▶ [Collected data]:
# # # #

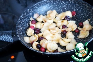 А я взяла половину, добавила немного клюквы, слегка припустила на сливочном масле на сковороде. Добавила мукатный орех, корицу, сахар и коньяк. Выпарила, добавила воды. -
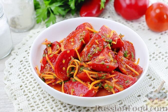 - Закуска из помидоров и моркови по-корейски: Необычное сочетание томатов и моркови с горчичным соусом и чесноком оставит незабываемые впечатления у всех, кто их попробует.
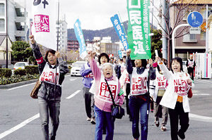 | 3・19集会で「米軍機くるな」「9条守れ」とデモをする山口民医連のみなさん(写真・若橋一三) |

# # # #

▶ [Your goal]: An exact repeat of the listing above, pictures excluded, is the answer.

▶ [Solution below]:
 А я взяла половину, добавила немного клюквы, слегка припустила на сливочном масле на сковороде. Добавила мукатный орех, корицу, сахар и коньяк. Выпарила, добавила воды. -
 - Закуска из помидоров и моркови по-корейски: Необычное сочетание томатов и моркови с горчичным соусом и чесноком оставит незабываемые впечатления у всех, кто их попробует.
 | 3・19集会で「米軍機くるな」「9条守れ」とデモをする山口民医連のみなさん(写真・若橋一三) |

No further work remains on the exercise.